> **Information shown**
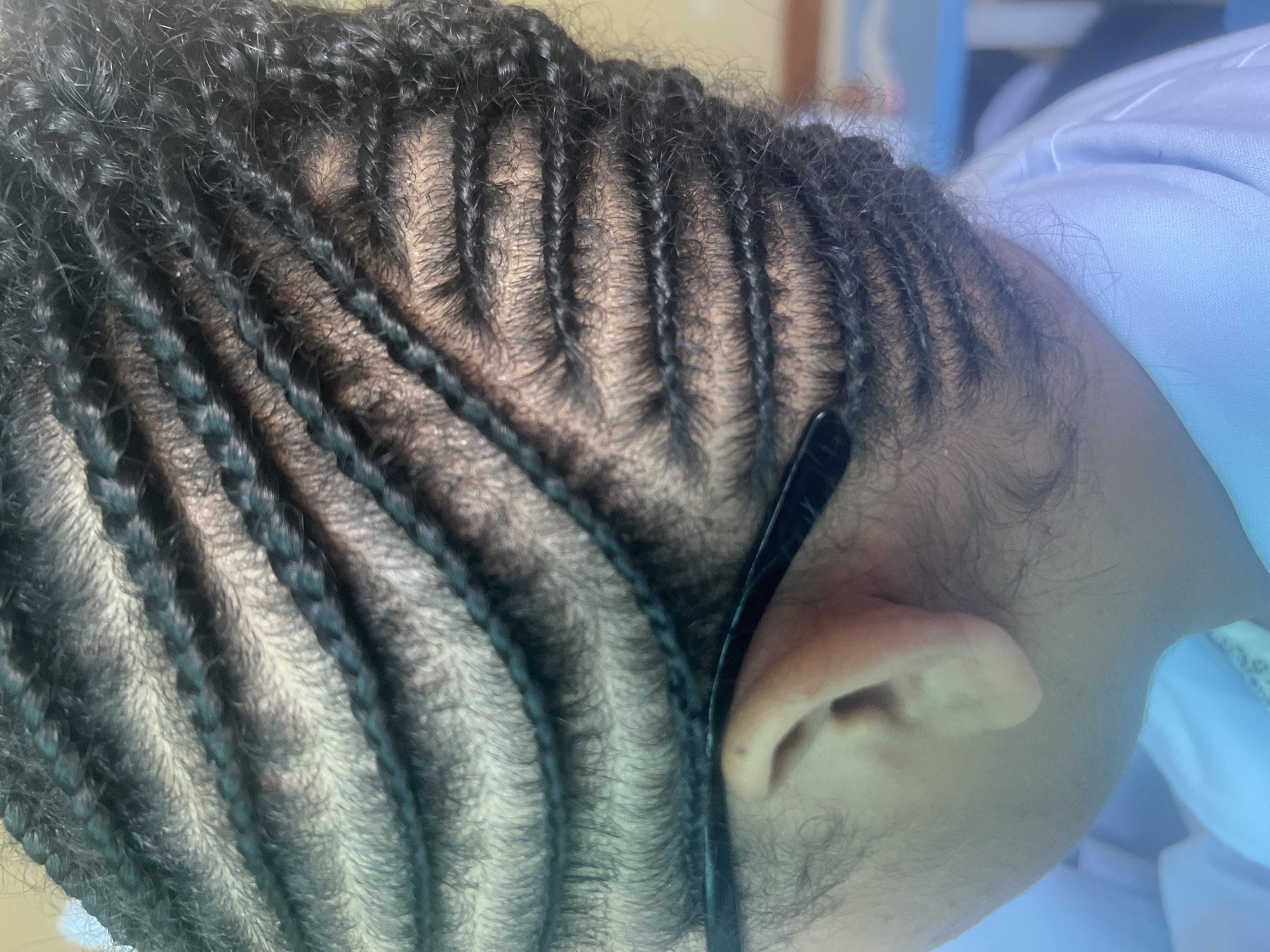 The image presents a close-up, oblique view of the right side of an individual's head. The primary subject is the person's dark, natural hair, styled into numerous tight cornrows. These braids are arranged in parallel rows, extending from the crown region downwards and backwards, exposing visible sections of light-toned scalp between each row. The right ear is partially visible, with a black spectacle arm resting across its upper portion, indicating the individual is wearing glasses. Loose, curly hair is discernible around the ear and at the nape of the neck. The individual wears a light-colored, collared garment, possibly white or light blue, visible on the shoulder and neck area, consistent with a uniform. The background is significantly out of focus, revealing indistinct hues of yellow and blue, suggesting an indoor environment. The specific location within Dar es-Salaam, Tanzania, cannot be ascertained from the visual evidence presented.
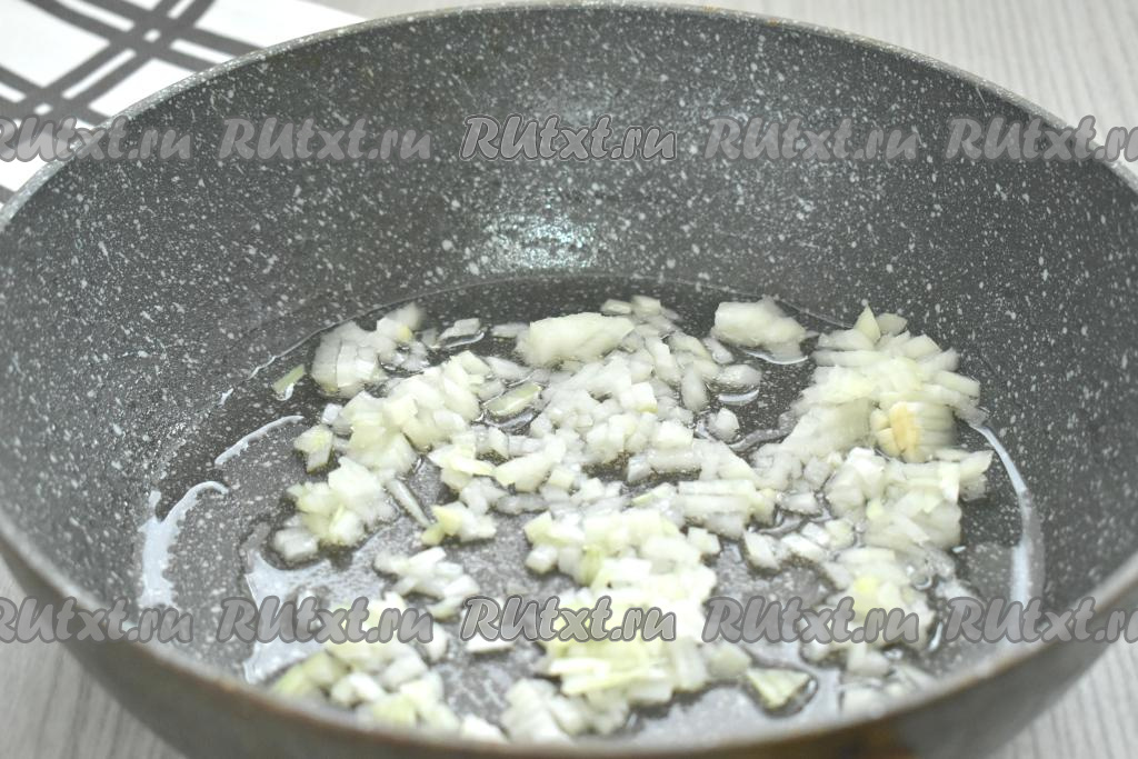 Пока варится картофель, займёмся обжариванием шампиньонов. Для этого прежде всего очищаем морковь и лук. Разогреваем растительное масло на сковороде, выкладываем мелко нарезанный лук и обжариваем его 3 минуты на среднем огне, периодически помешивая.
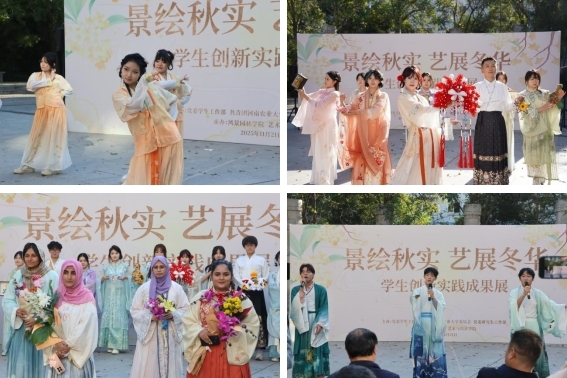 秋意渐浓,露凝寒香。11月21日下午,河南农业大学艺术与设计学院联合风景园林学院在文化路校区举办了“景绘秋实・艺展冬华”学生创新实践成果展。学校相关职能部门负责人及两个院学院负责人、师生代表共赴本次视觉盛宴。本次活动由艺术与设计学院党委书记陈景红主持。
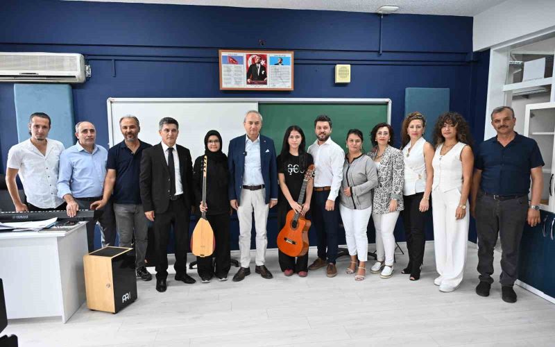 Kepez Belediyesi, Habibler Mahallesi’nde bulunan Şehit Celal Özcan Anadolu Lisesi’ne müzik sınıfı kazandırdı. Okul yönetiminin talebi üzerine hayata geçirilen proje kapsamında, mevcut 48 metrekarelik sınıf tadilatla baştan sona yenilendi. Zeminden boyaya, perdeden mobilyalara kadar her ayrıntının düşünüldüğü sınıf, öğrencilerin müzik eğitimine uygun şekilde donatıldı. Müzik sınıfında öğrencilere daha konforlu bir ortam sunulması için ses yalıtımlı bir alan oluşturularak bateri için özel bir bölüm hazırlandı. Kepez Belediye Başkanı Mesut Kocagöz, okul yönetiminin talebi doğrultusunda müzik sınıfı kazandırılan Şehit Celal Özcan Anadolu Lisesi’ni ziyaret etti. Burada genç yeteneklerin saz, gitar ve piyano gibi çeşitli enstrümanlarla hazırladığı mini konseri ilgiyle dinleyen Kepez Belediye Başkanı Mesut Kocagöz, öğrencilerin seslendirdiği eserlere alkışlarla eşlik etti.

> **Instructions for the task**
Where the line with "秋意渐浓,露凝寒香。11月2" appears, begin there and transcribe exactly through the last line of the data, leaving all pictures aside.

> **Response**
 秋意渐浓,露凝寒香。11月21日下午,河南农业大学艺术与设计学院联合风景园林学院在文化路校区举办了“景绘秋实・艺展冬华”学生创新实践成果展。学校相关职能部门负责人及两个院学院负责人、师生代表共赴本次视觉盛宴。本次活动由艺术与设计学院党委书记陈景红主持。
 Kepez Belediyesi, Habibler Mahallesi’nde bulunan Şehit Celal Özcan Anadolu Lisesi’ne müzik sınıfı kazandırdı. Okul yönetiminin talebi üzerine hayata geçirilen proje kapsamında, mevcut 48 metrekarelik sınıf tadilatla baştan sona yenilendi. Zeminden boyaya, perdeden mobilyalara kadar her ayrıntının düşünüldüğü sınıf, öğrencilerin müzik eğitimine uygun şekilde donatıldı. Müzik sınıfında öğrencilere daha konforlu bir ortam sunulması için ses yalıtımlı bir alan oluşturularak bateri için özel bir bölüm hazırlandı. Kepez Belediye Başkanı Mesut Kocagöz, okul yönetiminin talebi doğrultusunda müzik sınıfı kazandırılan Şehit Celal Özcan Anadolu Lisesi’ni ziyaret etti. Burada genç yeteneklerin saz, gitar ve piyano gibi çeşitli enstrümanlarla hazırladığı mini konseri ilgiyle dinleyen Kepez Belediye Başkanı Mesut Kocagöz, öğrencilerin seslendirdiği eserlere alkışlarla eşlik etti.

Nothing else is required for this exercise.